As above, i hate painting and gloss is my most disliked job. 
I get paid at work to do it which i dont mind 

Funnily enough i hate paving after 30 odd years of doing it most days


----------



## alicat (20 Jan 2020)

Painting and decorating. I just end up wearing the stuff.


----------



## Phaeton (20 Jan 2020)

alicat said:


> Painting and decorating. I just end up wearing the stuff.

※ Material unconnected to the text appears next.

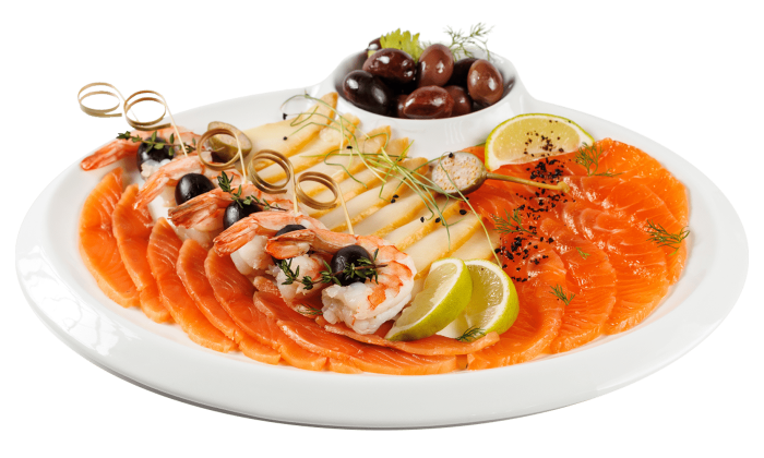 Лосось слабого посола, лосось холодного копчения, масляная рыба, креветки тигровые, лайм, маслины, оливки . Оформление заказа за 3 дня.

That made me laugh, if the wife & I are painting which I will only do under huge duress, at the end of the sesion, my paintbrush is almost clean, my wife has a brush handle the same colour as the paint along with all her hand & quite a bit of her clothing.


----------



## vickster (20 Jan 2020)

All and any of it  so I don't


----------



## PeteXXX (20 Jan 2020)

Laying carpets, or lino.. I'm useless at it!! 
Anything else, I can do. Laminate flooring (in fact, I'm relaying the hallway in No 1 daughter's house tomorrow, due to a water leak ruining the present boards.)
Plumbing, painting etc. Fine, no probs.


----------



## Dave7 (20 Jan 2020)

I am generally just rubbish at DIY. I used to quite enjoy wall papering. Didn't enjoy painting but was reasonable at it it.
I laid the laminate floors in the conservatory and porch......and its actually quite good.
Nowadays I call in Mr Fixit.
Last 2 decorating jobs, I employed a professional and have to say, he did good job.


----------